Secondly, I disagreed the first time this discussion rolled around, as the millennium clicked over – we were all going to use portal platforms and content management functionality would be in our application server infrastructure (we don’t and it didn’t).

Thirdly, the difference between the systems we are building for tomorrow and then – our digital engagement activities were single threaded following a website groove and the end was very much the driver for the means.

For the mainstream CMS industry it was a web site centric world and in most projects and applications the term ‘CMS’ was interchangeable with ‘WCM’. Today we have a fragmented communication channel; it’s the age of the ‘splinternet’ (in this context, a term coined by Josh Bierhoff), delivering relevant content consistently to multiple places.

This not just devices – our websites are less the single and only web destination, folks consume information about our products and services from other web destinations like Facebook and Twitter (to name two). Plus, of course the needs of customer, consumer and citizen engagement means that we can chuck in multiple touch points, in e-mail, call centres and real life.

We used to get ourselves worked up about ‘baking’ or ‘frying’ content management/delivery applications, about decoupled systems that produce pages and dynamic content – but (as I said in response to a comment on my original blog post) today’s consumer wants super dynamic content fresh caught that day, prepared their way, hot off the griddle – Teppanyaki served to share – family style.

So, we have a new level of complexity and requirements for our systems to support our digital marketers and communicators. A level of complexity of requirements that sits between our content repository and our consumer, which used to be the section of the RFP that simply said “must produce compliant HTML”.

When talking about delivery of content, this is typically where our requirement starts to gain some uniqueness between projects.

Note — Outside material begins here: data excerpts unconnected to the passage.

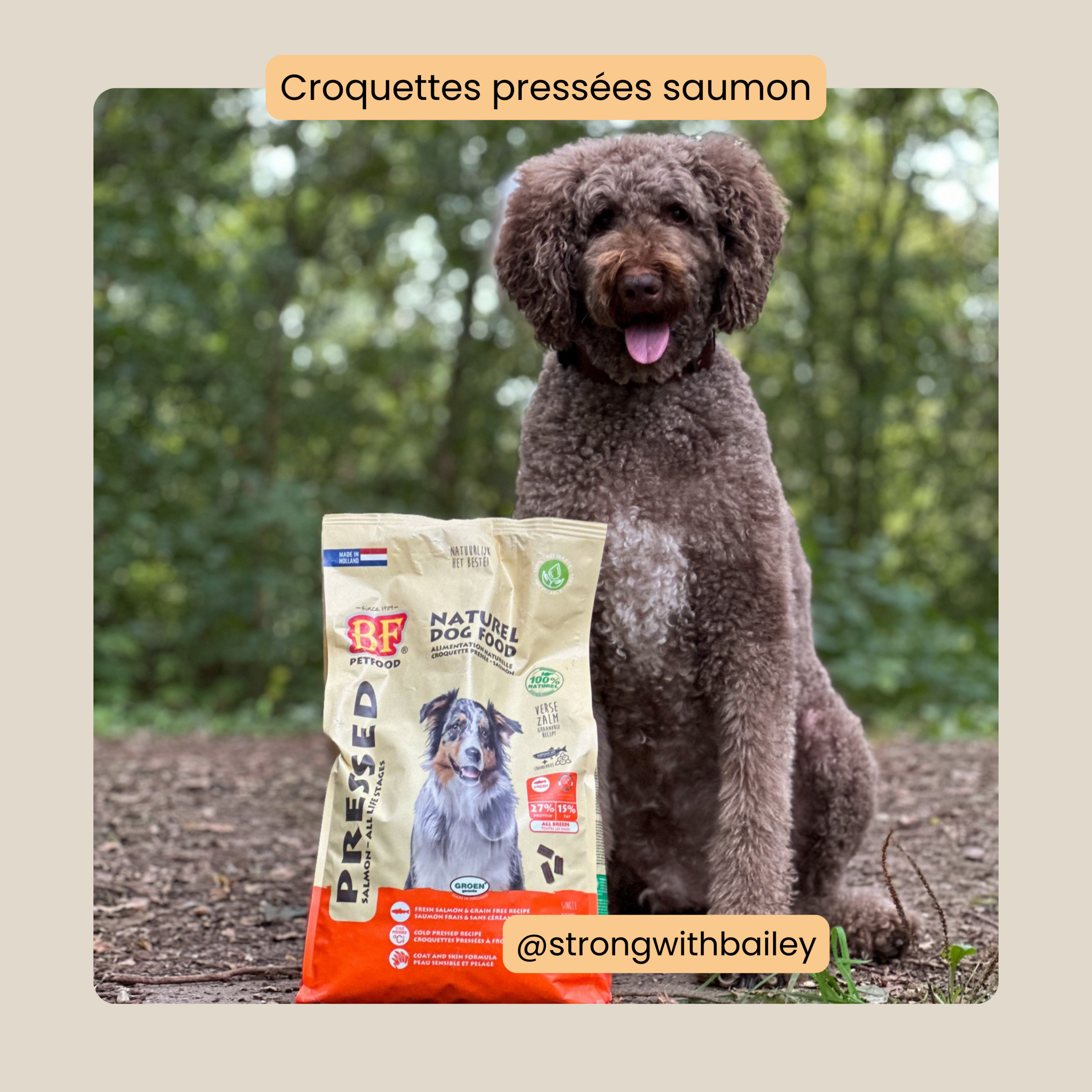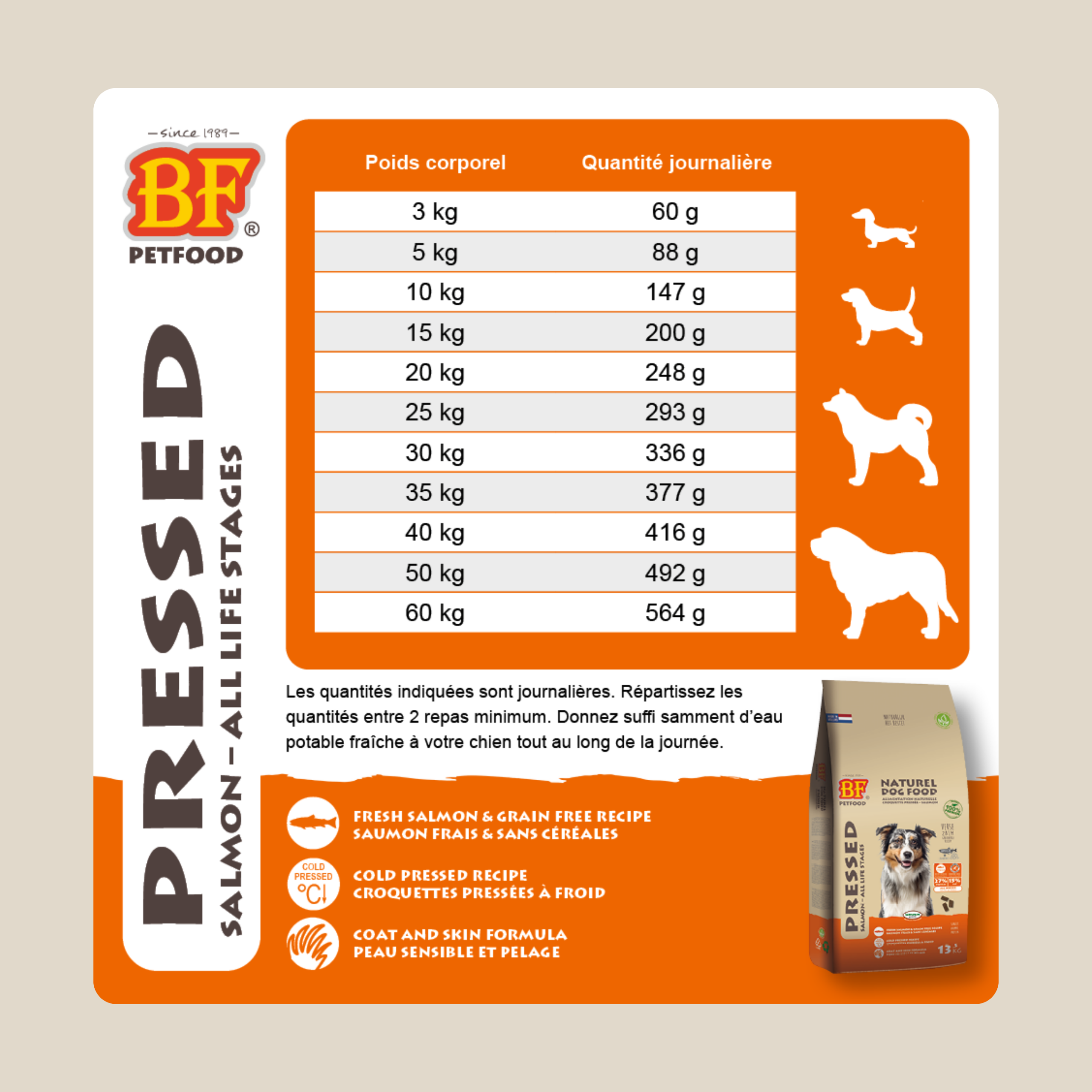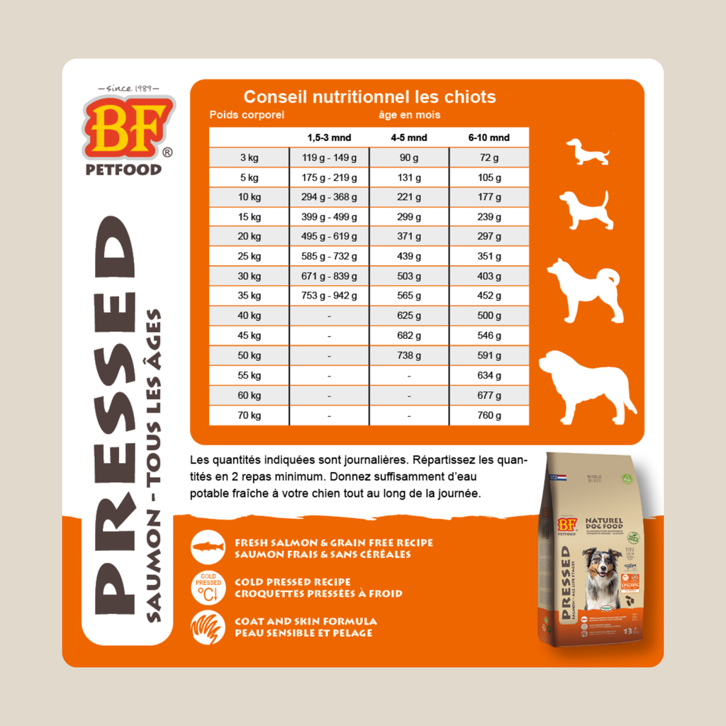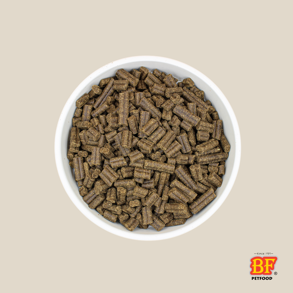 Desde el punto de vista digestivo, el salmón también ofrece numerosas ventajas. Es una proteína altamente digestible y con bajo contenido de alérgenos , lo que la convierte en una fuente proteica ideal para perros con problemas digestivos recurrentes. Si bien el uso de salmón aumenta la digestibilidad de las croquetas, el proceso de preparación también juega un papel crucial. Las croquetas de salmón de BF Petfood son prensadas en frío y no contienen cereales . Este proceso artesanal da como resultado un alimento para perros cocinado a baja temperatura , a diferencia de las croquetas extruidas tradicionales, que se preparan a altas temperaturas. Las croquetas prensadas a base de salmón son aptas para perros de todas las edades y razas.
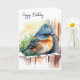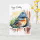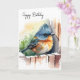 Niedlicher Wasservogel auf einem Holzzaun zum Geburtstag. Der Text ist bearbeitbar.
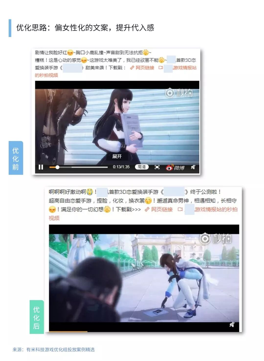 素材3:通过对剧情进行一定剪辑,将两人之间的故事线剪辑得更加密集,偏女生语气的文案,加深了用户对游戏的代入感,成功提升了互动,降低了成本。
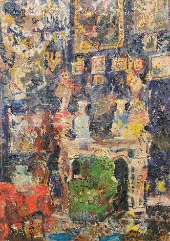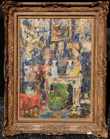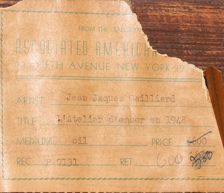 GAILLIARD, Jean Jacques, (Belgian, 1890-1976): ''L'Atelier d'Ensor en 1948'', OIL/Canvas, 28'' x 19 1/2'', signed and dated lower right, signed and titled on the stretcher verso, Associated American Artist label verso, encased in original carved and gilded frame with damage, 36'' x 28''. From the Reeves Lewenthal Collection.
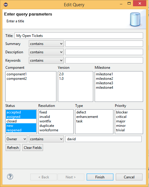 When you click Next you will be prompted to Add a new query, queries give you the ability to filter lists of trac tickets to those appropriate to you, a component, a release or whatever. The example below shows all of my open tickets.
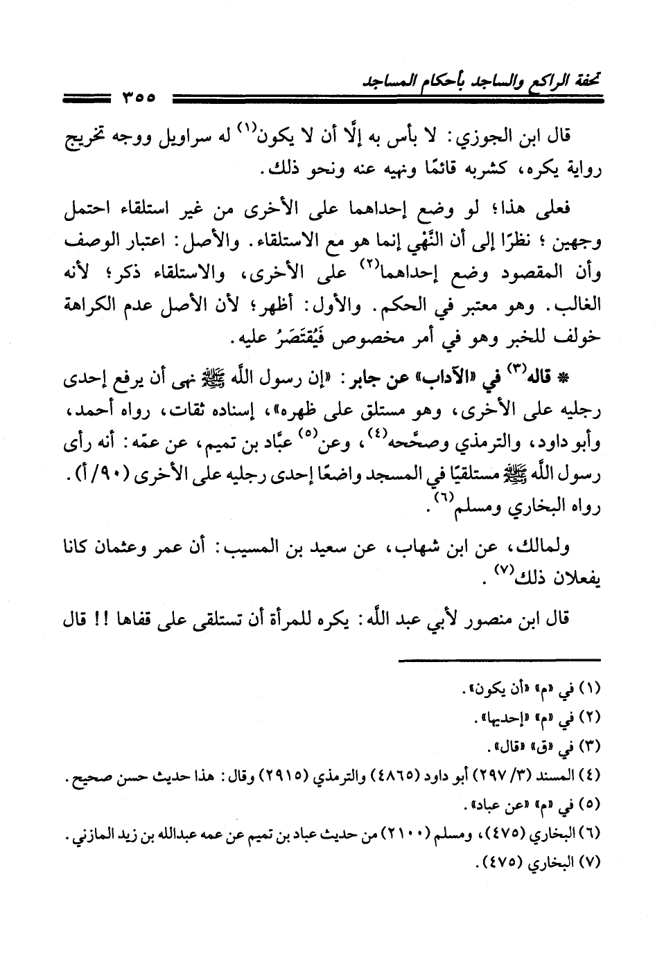 * قاله (¬3) في "الآداب" عن جابر: "إن رسول الله - صلى الله عليه وسلم - نهى أن يرفع إحدى رجليه على الأخرى، وهو مستلق على ظهره"، إسناده ثقات، رواه أحمد، وأبو داود، والترمذي وصحّحه (¬4)، وعن (¬5) عبَّاد بن تميم، عن عمّه: أنه رأى رسول الله - صلى الله عليه وسلم - مستلقيًا في المسجد واضعًا إحدى رجليه على الأخرى (90/ أ). رواه البخاري ومسلم (¬6).
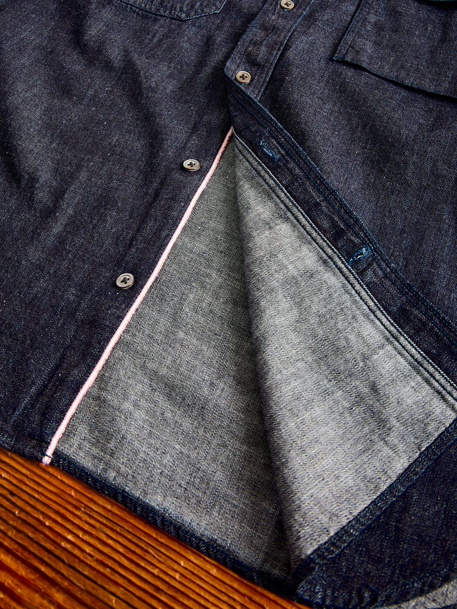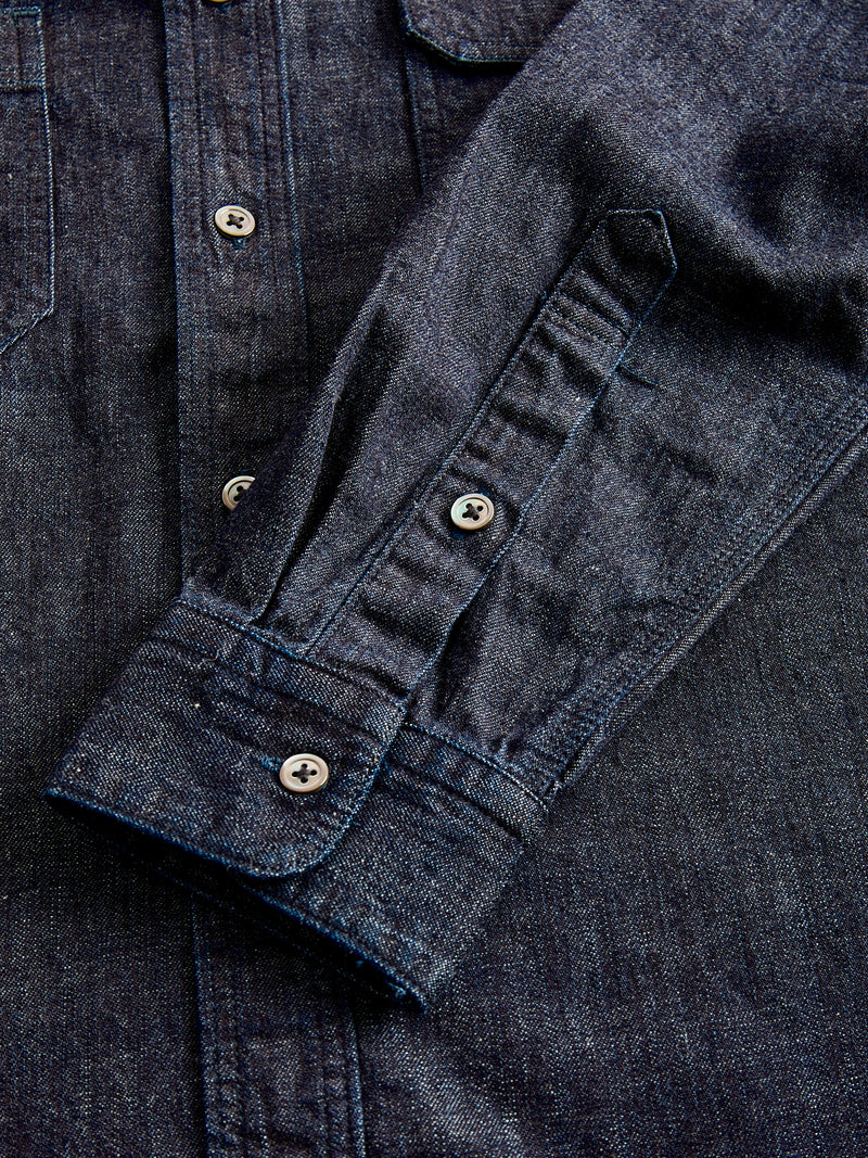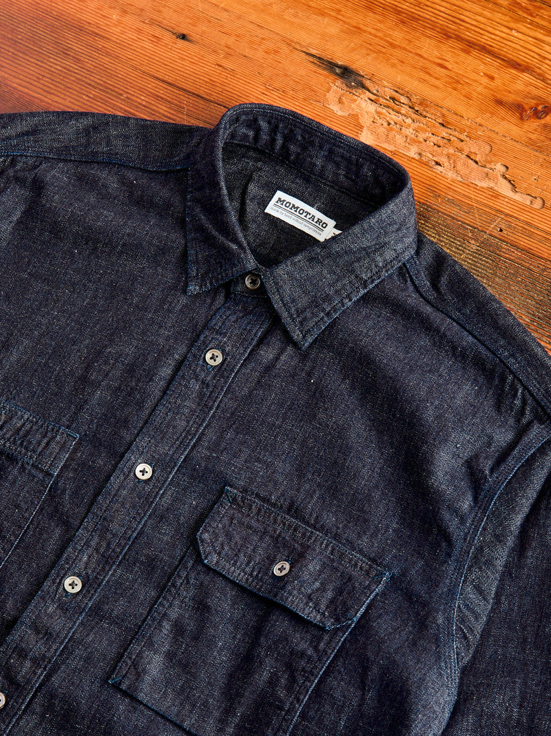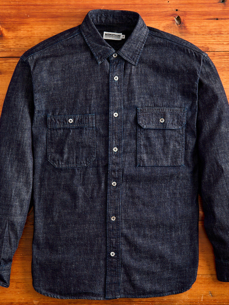 • Expertly made in Japan, this work shirt from Momotaro features an 8oz selvedge denim fabric with vintage-inspired detailing. Cut in a classic workshirt silhouette, the shirt comes fitted with mother of pearl buttons, pockets at the chest, chain-stitch runoff detailing at the gusset, and tonal stitched detailing throughout.
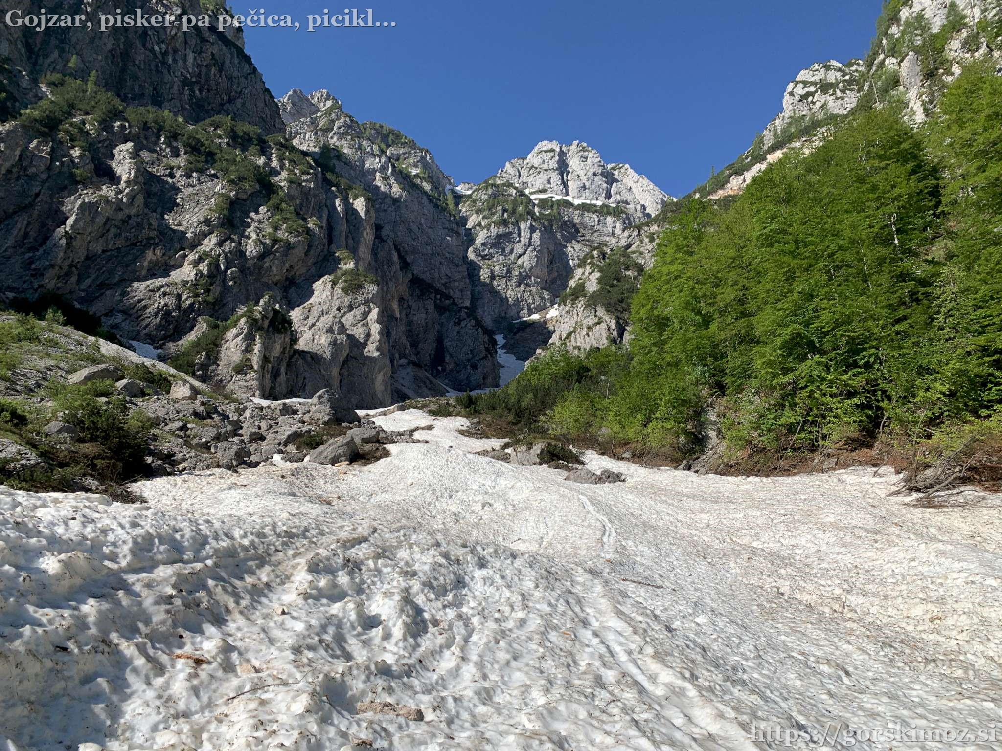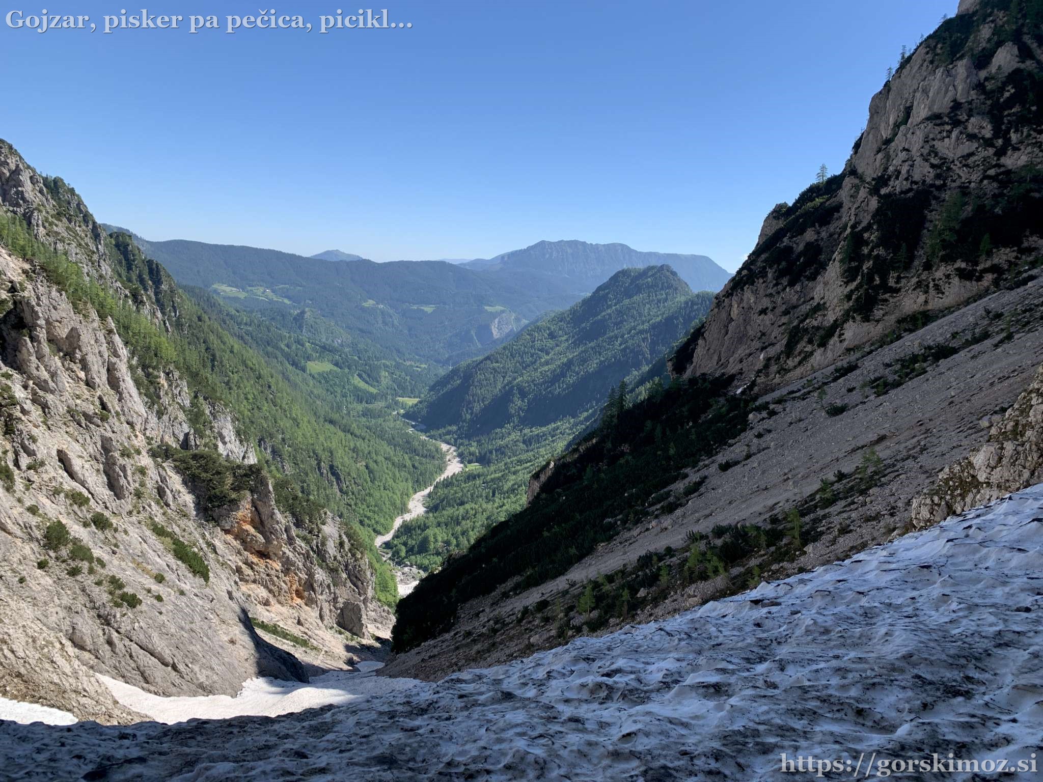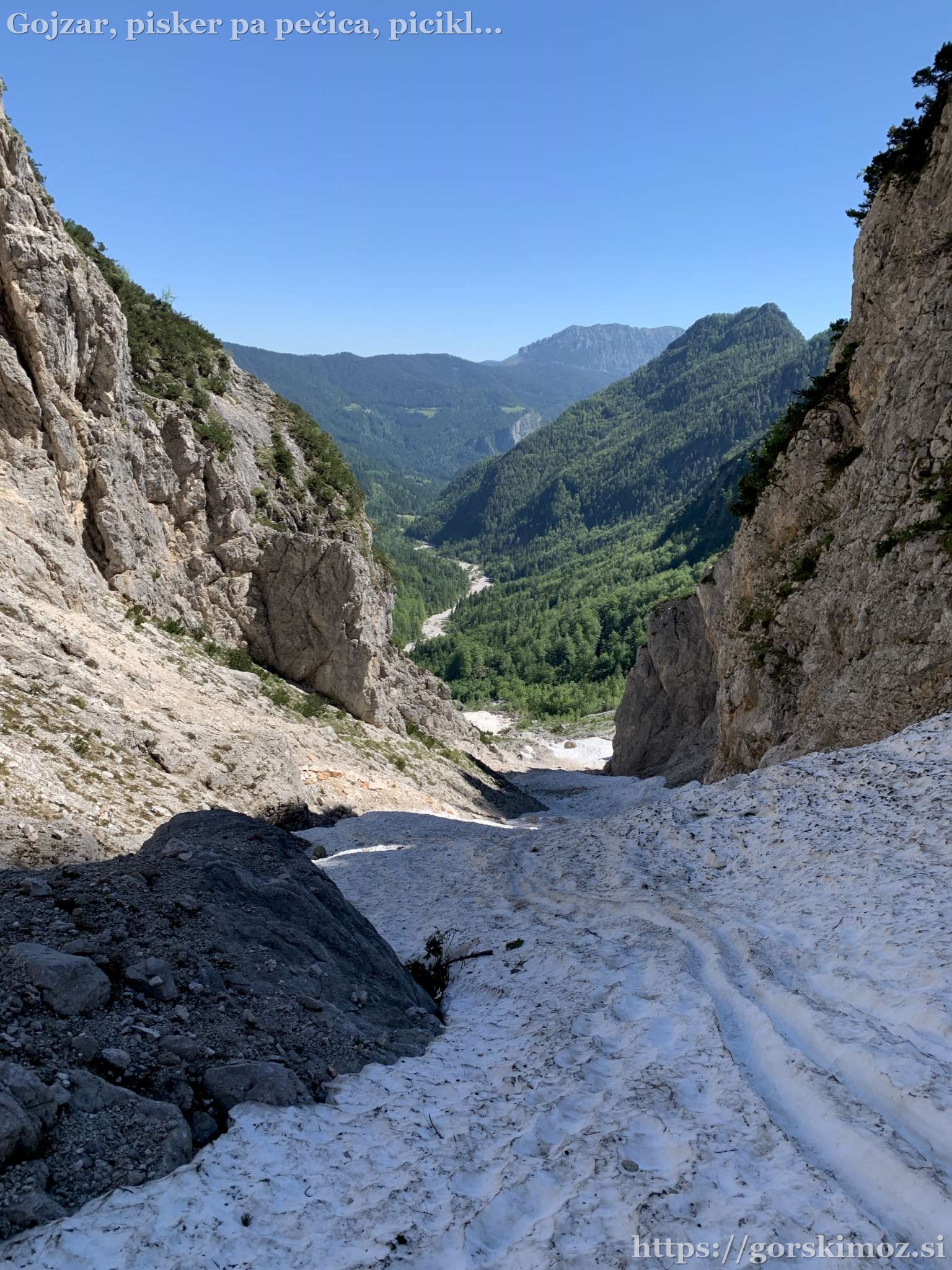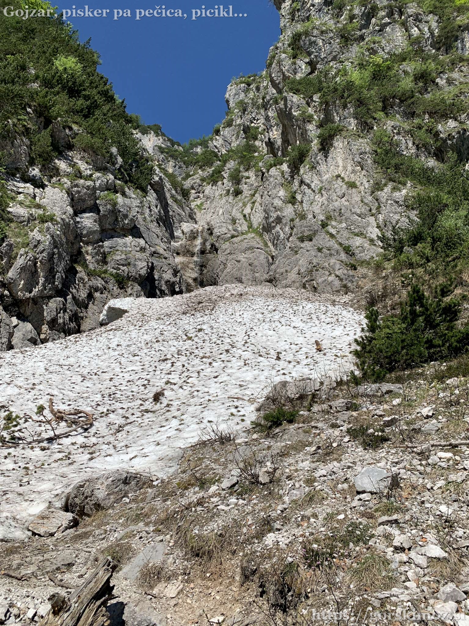 Za ogled škafa sva si izbrala res lep dan in se naužila lepot v Matkovem kotu. Ker sva se vzpenjala po strugi (glede na to, kako je shojena pot nisva bila edina) sva več kot polovico časa hodila po snegu. Cepin, dereze in čelada so prišle še kako prav, čeprav bi se mogoče dalo tudi brez opreme. A varnost je le na prvem mestu…

The question is, so you have your well-ordered, neatly filed, approved content – but what are you going to use it for?

A requirement for an approval process supported by workflow is fairly ubiquitous – but if you are a membership organisation that engages its audience over email or a consumer packaged goods company with fifty products and a YouTube channel – your Engagement Tier requirements are going to be quite diverse.

This diversity in requirements means two things to me.

1. As an industry we are very good at understanding, defining and capturing CMS requirements – but how are we at identifying, understanding and communicating an organisations engagement needs?

2. If there are diverse requirements, then there are different solutions – and right now it’s is a blend of dynamic web content delivery, marketing automation, campaign management, email, web analytics (etc. etc.) – There is no silver vendor bullet – no leader, no wave, no magic quadrant – its different strokes for different folks.

It’s this that I want to explore, how do we define those needs and how do we compare tools?

So, into the Engagement Tier – my colleagues here at Gilbane challenged me to draw it. Hmm.. right now it’s a box of content, a big arrow and then the consumer.